Russian historian, philologist, publicist and translator

Vasily Ivanovich Modestov (Василий Иванович Модестов, 24 January 1839, Valday, Novgorod Governorate, Imperial Russia, — 13 February 1907, Rome, Italy) was a Russian historian, philologist, publicist and translator.

A Saint Petersburg University graduate who lectured at the Odessa, Kazan and Kiev Universities, as well as his alma mater (in 1886—1889), Modestov was a prominent authority on the history and culture of Ancient Rome, as well as earlier Apennine Peninsula cultures (Etruscan civilization, Messapii).
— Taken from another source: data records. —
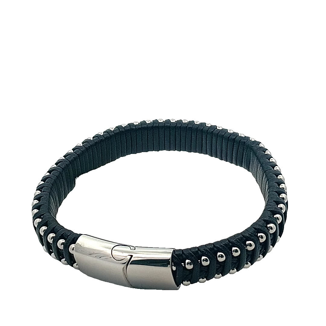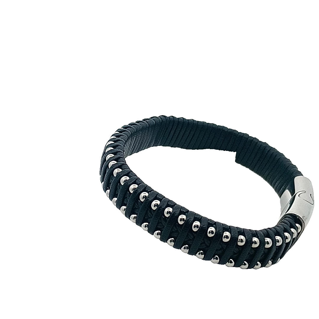 Podnieś poziom swoich dodatków dzięki tej stylowej skórzanej bransoletce, z misternymi srebrnymi akcentami, które pięknie odbijają światło. Idealna zarówno na okazje codzienne, jak i formalne, ta część dodaje odrobinę wyrafinowania do każdej stylizacji. Jej regulowana konstrukcja zapewnia wygodne dopasowanie do wszystkich rozmiarów nadgarstków.
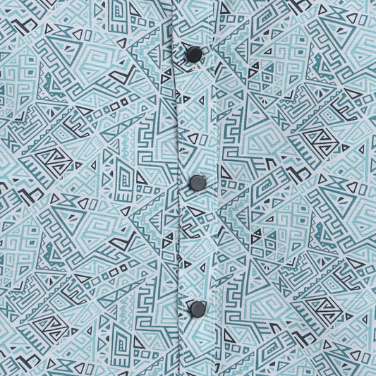 Polka Tots Cotton Regular Fit Full Sleeve Zig Zag Print Dual Bow Tie Shirt - Sky Blue
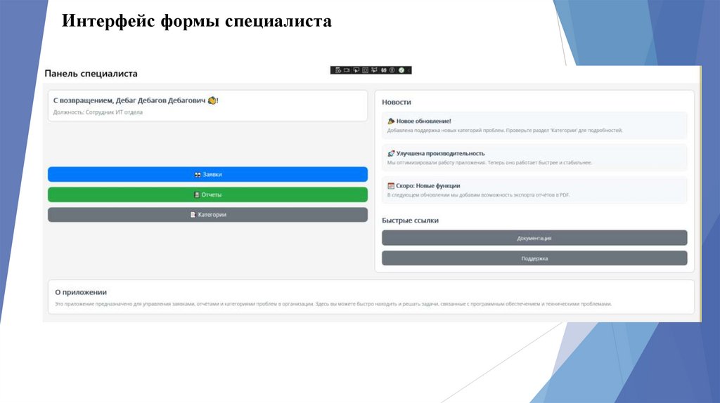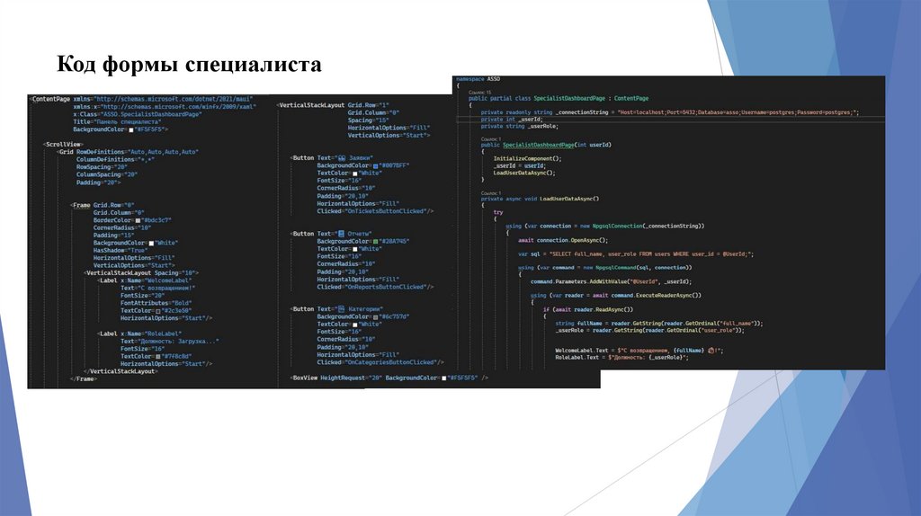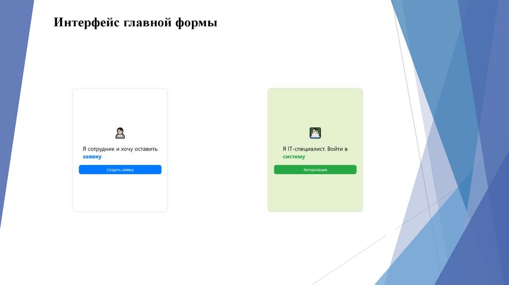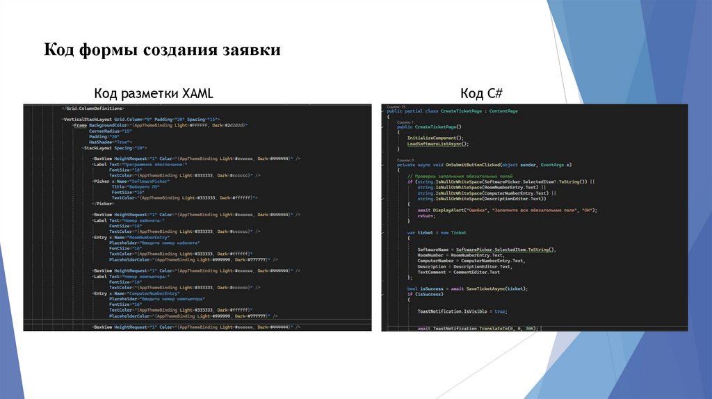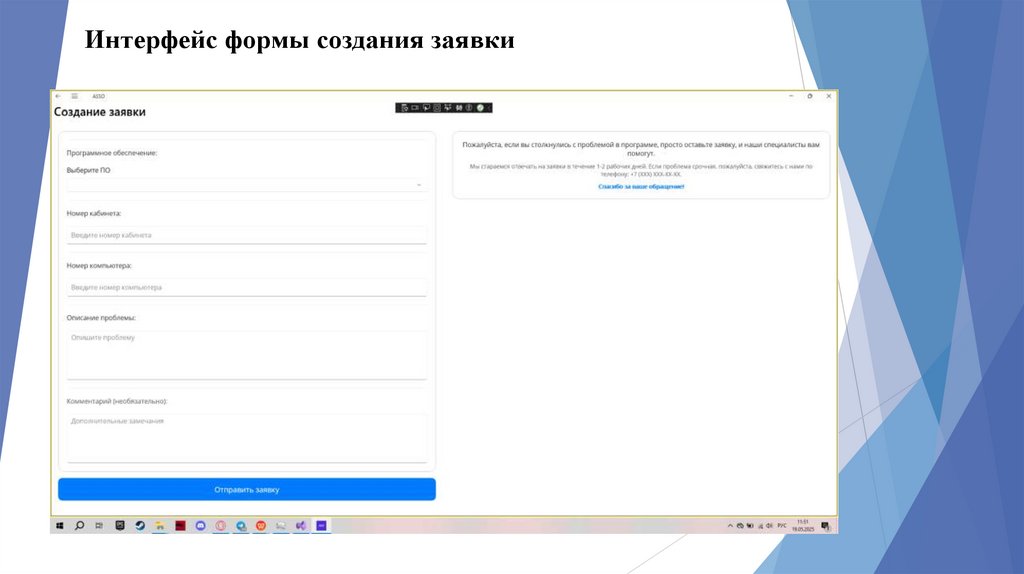 Интерфейс формы создания заявки13. Код формы создания заявки
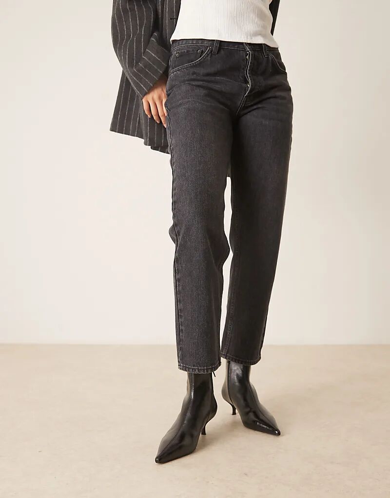 Ботильоны Mango на каблуке-рюмочке с острым носком, черного цвета
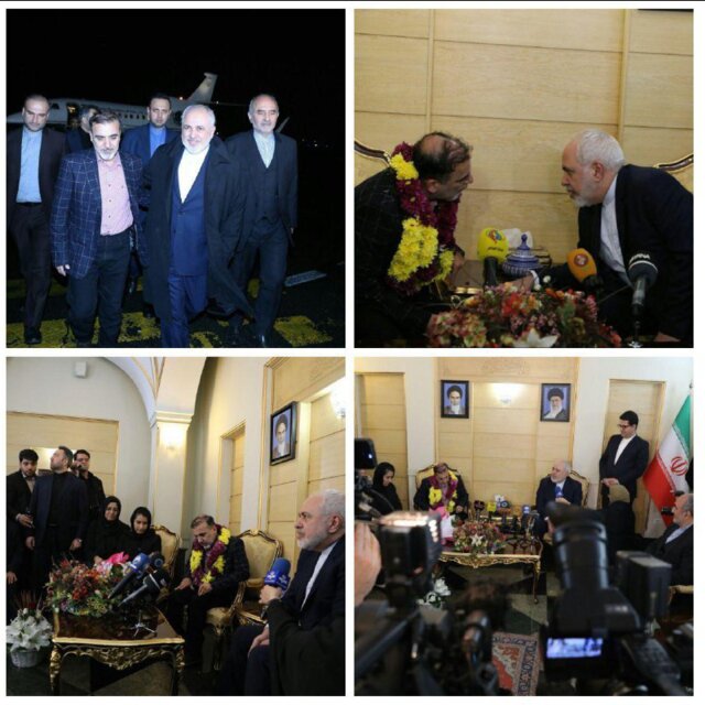 وزیر امور خارجه با بیان اینکه امروز، روز خوشی برای وزارت خارجه است، ادامه داد: امروز دکتر سلیمانی بعد از تحمل ۱۴ ماه سختی بینهایت به ایران بازگشتند؛ استادی که در طول این دوره بارها آمریکاییها به ایشان پیشنهاد داده بودند که به جای بازگشت به کشور یا در زندان ماندن بپذیرد که در این کشور بماند، ولی این استاد وطنپرست این پیشنهاد را نپذیرفتند.
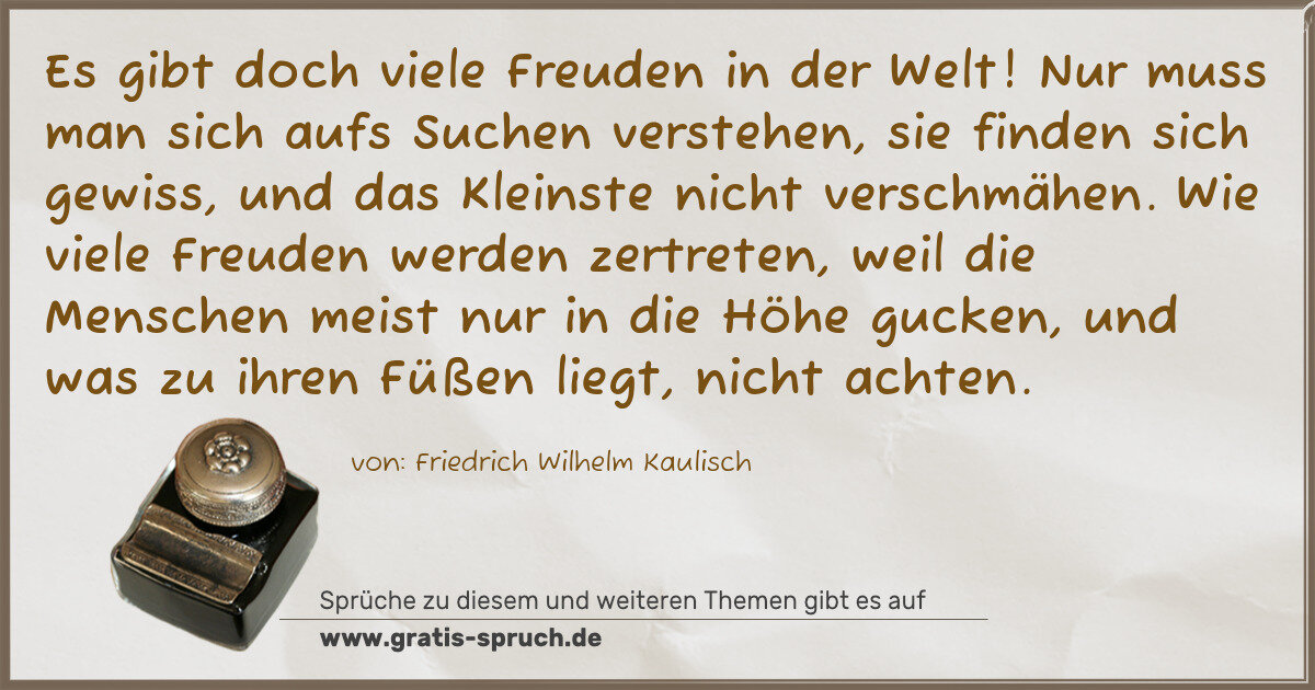 »Es gibt doch viele Freuden in der Welt! Nur muss man sich aufs Suchen verstehen, sie finden sich gewiss, und das Kleinste nicht verschmähen. Wie viele Freuden werden zertreten, weil die Menschen meist nur in die Höhe gucken, und was zu ihren Füßen liegt, nicht achten.
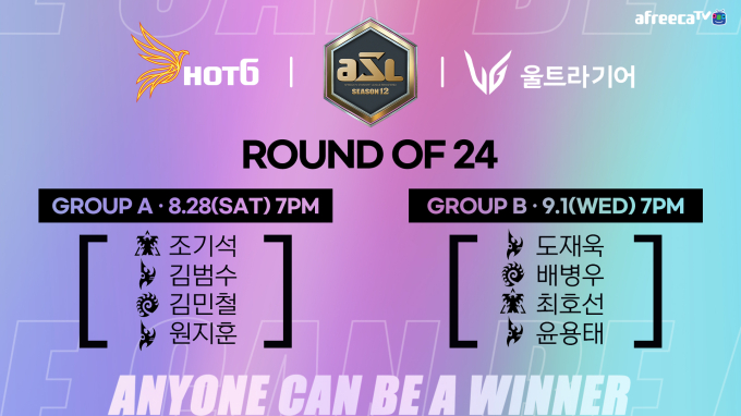 오후 7시부터 시작하는 개막전 24강 1주차에는 조기석(T), 김범수(P), 김민철(Z), 원지훈(P)이 출전한다. 첫 경기에는 꾸준히 ASL에 진출오며 테란의 부흥을 이끄는 조기석과 3번째 ASL 진출로 최근 기세가 뛰어난 김범수가 맞붙는다. 반대편에선 ‘철벽’ 김민철과 신예 프로토스 원지훈이 맞붙는다.
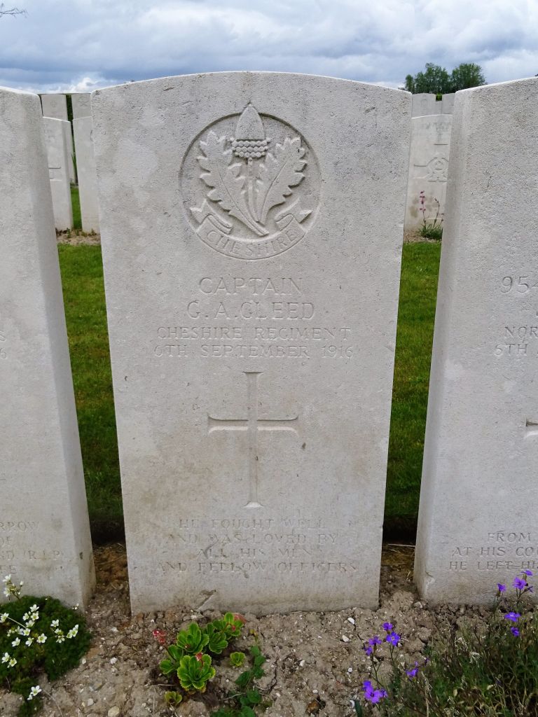6/09/1916 Captain George Alfred Gleed (Age 26) MID 1st Bn. La Neuville British Cemetery, Corbie, Somme France. Son of George Mark and Agnes Frances Gleed, of London. (pic from findagrave.com. – with thanks)

He contributed to Istorichesky Vestnik, Golos, Nov, Filologicheskoye Obozrenye, as well as the Brockhaus and Efron Encyclopedic Dictionary, providing entries on the history and culture of Rome. Modestov translated into Russian semimal works by Tacitus (The Complete Tacitus, Vols. 1—2, 1886—87), Horace, Spinoza, as well as the Reallexikon des classischen Alterthums für Gymnasien. Among his best-known original works were The History of Ancient Rome (Vols. I-II, 1902—1909) and Tacitus and his Work. Historical and Literary Study (Тацит и его сочинения. Историко-литературное исследование, 1864).